Dataset records
□ □ □ □ □
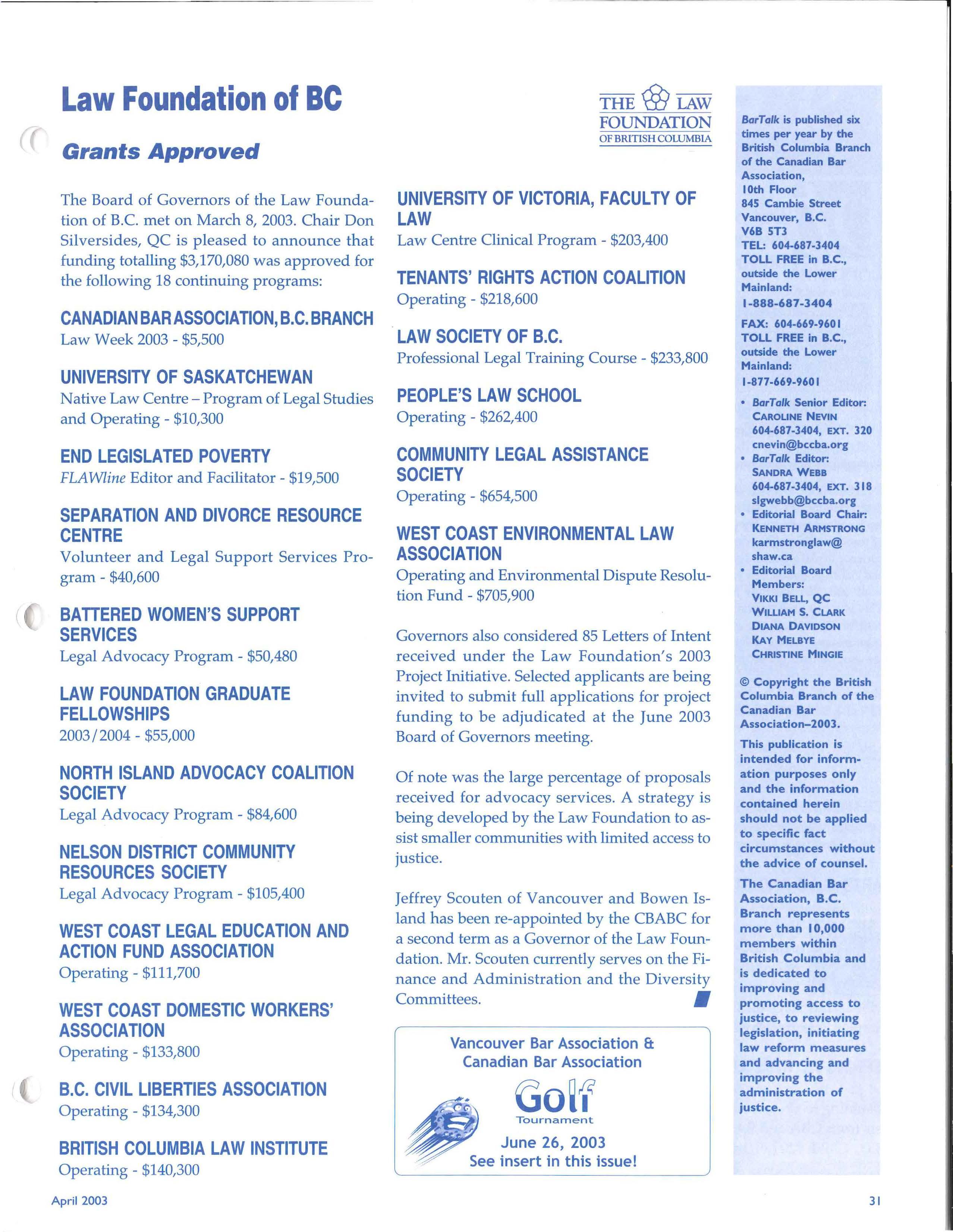 The Board of Governors of the Law Foundation of B.C. met on March 8, 2003. Chair Don Silversides, QC is pleased to announce that funding totalling $3,170,080 was approved for the following 18 continuing programs:
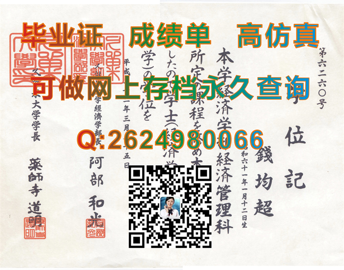 久留米大学毕业证书、文凭、学位记封皮样本|Kurume University文凭|日本大学学位证购买|日本大学文凭图片
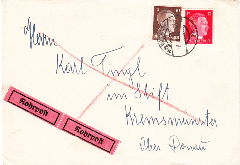 Posted 8 April 1943. Inland letter (rate 12Rpf). Has Rohrpost label, and added franking of 10Rpf which was the pneumatic fee. Conclusion: expedited to railway station then sent onwards in normal way.
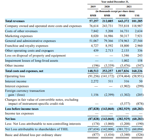 首先从Tims来看,自身的盈利依旧成谜。按照Tims中国区招股书来看,2019至2021年,Tims中国的净亏损分别为8782.8万元、1.4亿元和3.8亿元。
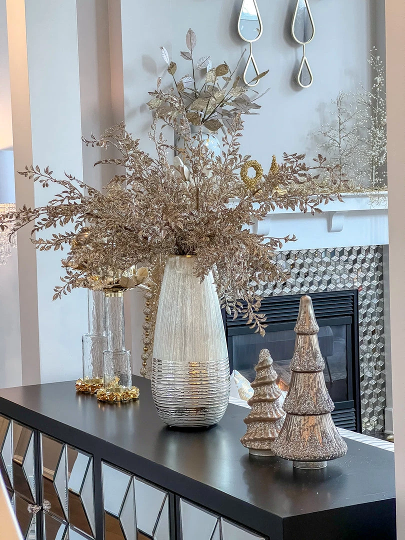 Description: This mercury glass tree with its neutral silver and gold coloring and beautiful glitter finish will instantly elevate any table or shelf as it shimmers in the light effortlessly.
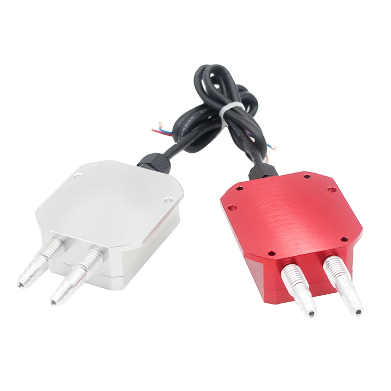 <2>. Корпус изготовлен из алюминиевого сплава. Двумя интерфейсами давления являются резьба M10 и структура петуха. (Клиент может выбрать размер интерфейсов давления.) Он может быть непосредственно установлен на измерительной трубе или соединен напорной трубой, прост в установке и использовании.
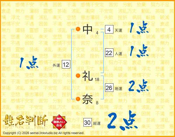 生活面を象徴する運勢です。外部から受ける影響力を表し、結婚運、家庭運や職場、環境への順応性を表します。総運から人運を引いた画数。姓や名が1文字の場合を除く。
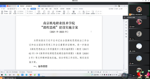 为贯彻落实习近平总书记在全国高校思想政治工作会议和在全国宣传思想工作会议重要讲话精神,进一步推动《高校思想政治工作质量提升工程实施纲要》和《高等学校课程思政建设指导纲要》等文件精神落地实施,结合学院工作实际,学院制定了《幻影网页版登录入口_幻影(中国)“课程思政”建设实施方案》。2022年3月22日下午,机械设计与制造教研室在腾讯会议线上平台对学院的文件进行了学习,并对本专业的所有课程融入思政进行了研讨,会议由专业负责人黄晓萍主持。
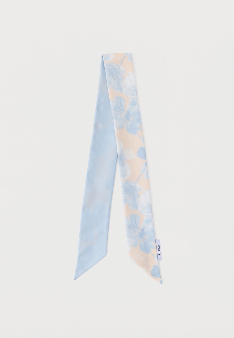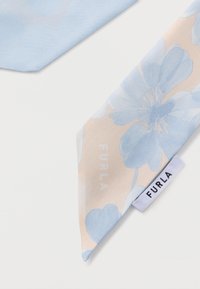 Φουλάρι από μετάξι σε ανοιχτό γαλάζιο και μπεζ χρώμα με floral σχέδιο και μυτερά άκρα, με ετικέτα της μάρκας Furla.
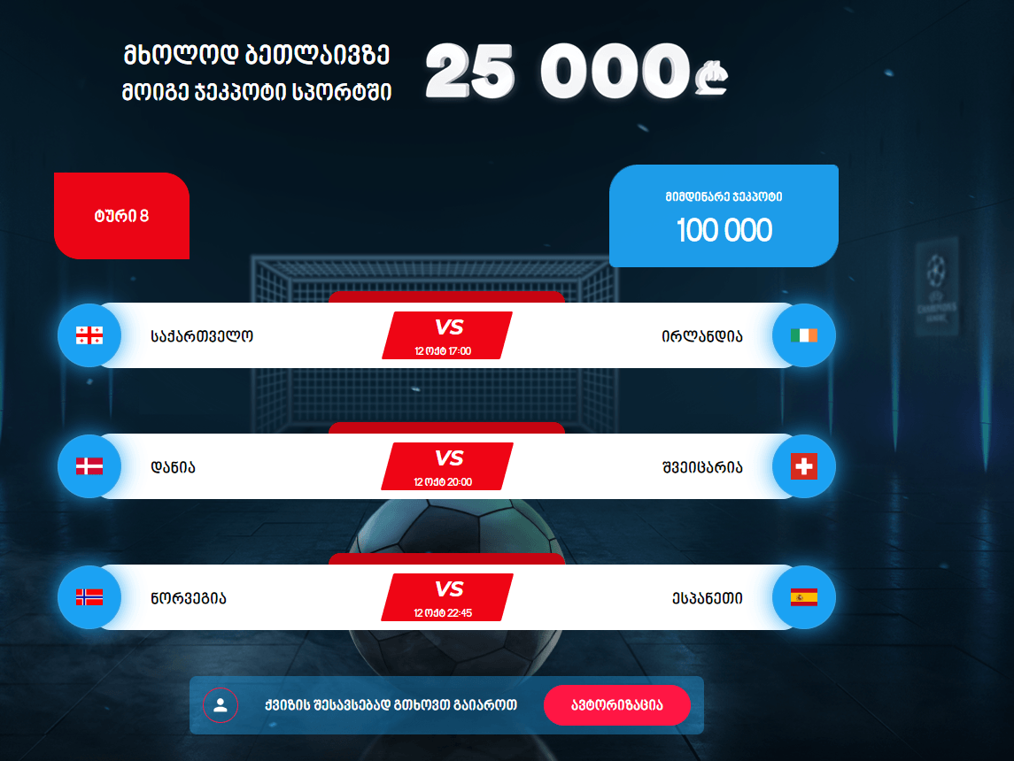 - ჯეკპოტის საპრიზო ფონდის პარალელურად ყოველ ტურში დამატებით გათამაშდება 25,000₾ Freebet Jackpot.
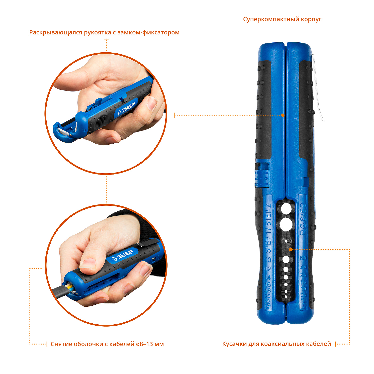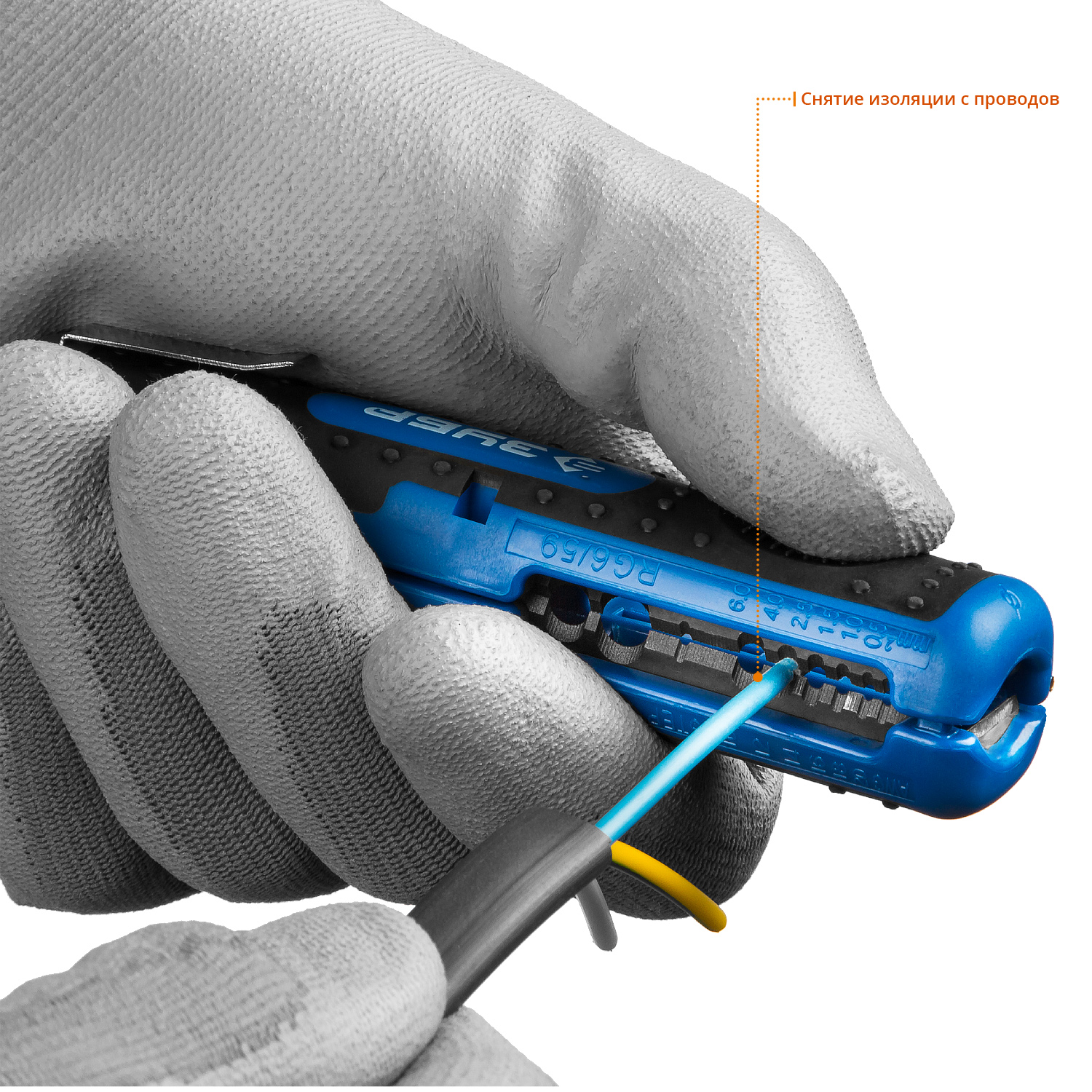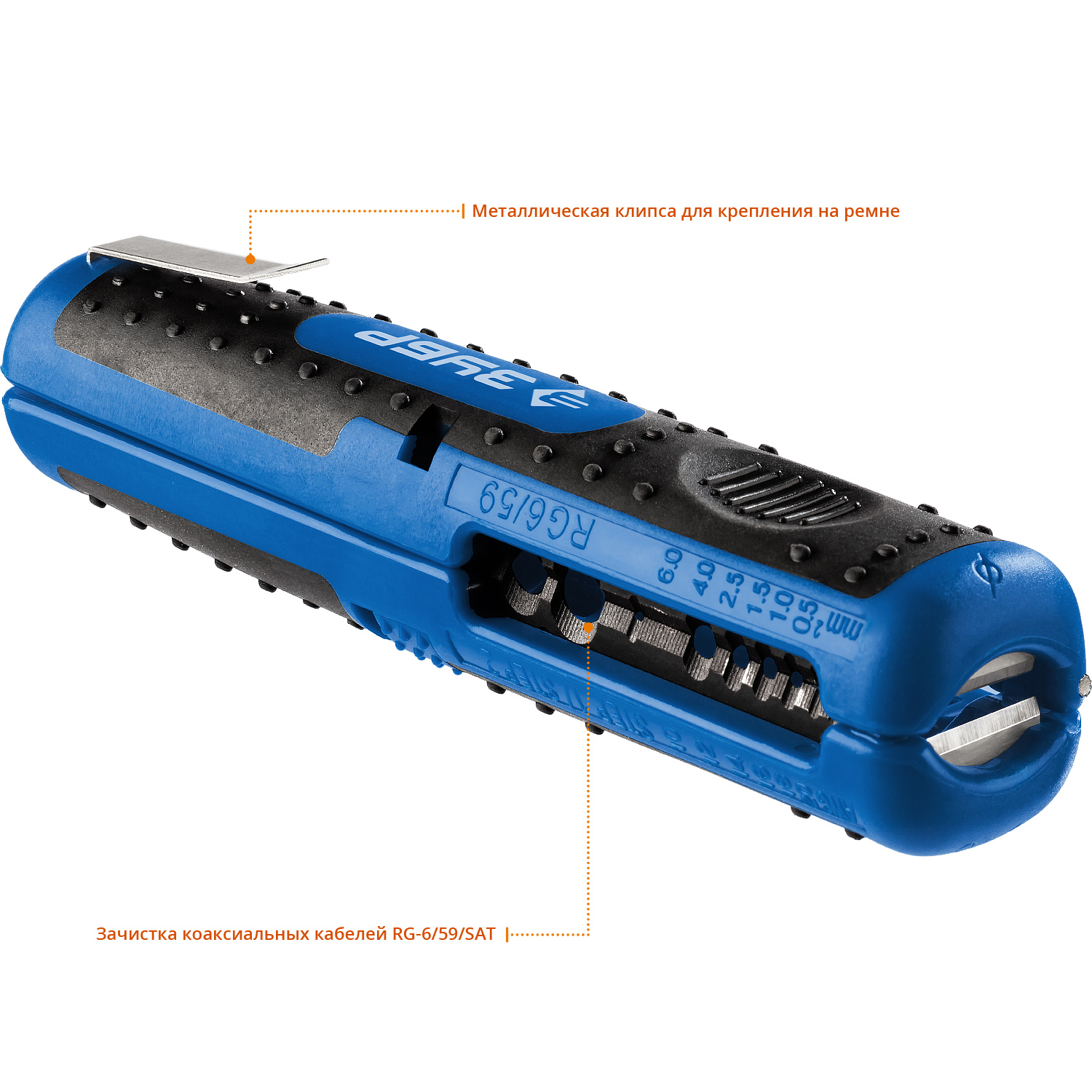 для снятия изоляции и обрезки проводов, зачистки коаксиальных кабелей RG-6/ SAT. RG59
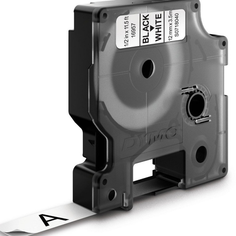 Kleepkirjalint Dymo 12mm, must/valgel D1 Tape 16957 Black on White, flexible nylon tape 3,5m
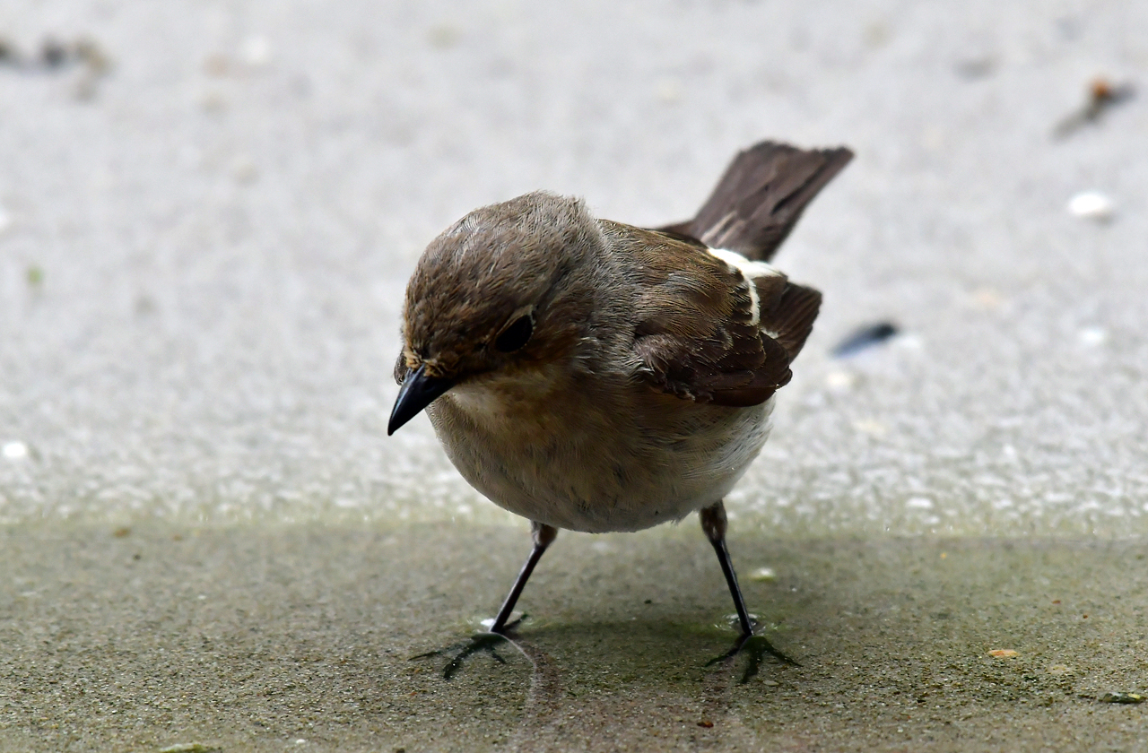 De Bonte vliegenvanger met zijn pootjes in het water.
□ □ □ □ □
* **Your goal**
Any pictures should be dropped; transcribe the rest of the records above exactly.

* **Answer for this exercise**
 The Board of Governors of the Law Foundation of B.C. met on March 8, 2003. Chair Don Silversides, QC is pleased to announce that funding totalling $3,170,080 was approved for the following 18 continuing programs:
 久留米大学毕业证书、文凭、学位记封皮样本|Kurume University文凭|日本大学学位证购买|日本大学文凭图片
 Posted 8 April 1943. Inland letter (rate 12Rpf). Has Rohrpost label, and added franking of 10Rpf which was the pneumatic fee. Conclusion: expedited to railway station then sent onwards in normal way.
 首先从Tims来看,自身的盈利依旧成谜。按照Tims中国区招股书来看,2019至2021年,Tims中国的净亏损分别为8782.8万元、1.4亿元和3.8亿元。
 Description: This mercury glass tree with its neutral silver and gold coloring and beautiful glitter finish will instantly elevate any table or shelf as it shimmers in the light effortlessly.
 <2>. Корпус изготовлен из алюминиевого сплава. Двумя интерфейсами давления являются резьба M10 и структура петуха. (Клиент может выбрать размер интерфейсов давления.) Он может быть непосредственно установлен на измерительной трубе или соединен напорной трубой, прост в установке и использовании.
 生活面を象徴する運勢です。外部から受ける影響力を表し、結婚運、家庭運や職場、環境への順応性を表します。総運から人運を引いた画数。姓や名が1文字の場合を除く。
 为贯彻落实习近平总书记在全国高校思想政治工作会议和在全国宣传思想工作会议重要讲话精神,进一步推动《高校思想政治工作质量提升工程实施纲要》和《高等学校课程思政建设指导纲要》等文件精神落地实施,结合学院工作实际,学院制定了《幻影网页版登录入口_幻影(中国)“课程思政”建设实施方案》。2022年3月22日下午,机械设计与制造教研室在腾讯会议线上平台对学院的文件进行了学习,并对本专业的所有课程融入思政进行了研讨,会议由专业负责人黄晓萍主持。
 Φουλάρι από μετάξι σε ανοιχτό γαλάζιο και μπεζ χρώμα με floral σχέδιο και μυτερά άκρα, με ετικέτα της μάρκας Furla.
 - ჯეკპოტის საპრიზო ფონდის პარალელურად ყოველ ტურში დამატებით გათამაშდება 25,000₾ Freebet Jackpot.
 для снятия изоляции и обрезки проводов, зачистки коаксиальных кабелей RG-6/ SAT. RG59
 Kleepkirjalint Dymo 12mm, must/valgel D1 Tape 16957 Black on White, flexible nylon tape 3,5m
 De Bonte vliegenvanger met zijn pootjes in het water.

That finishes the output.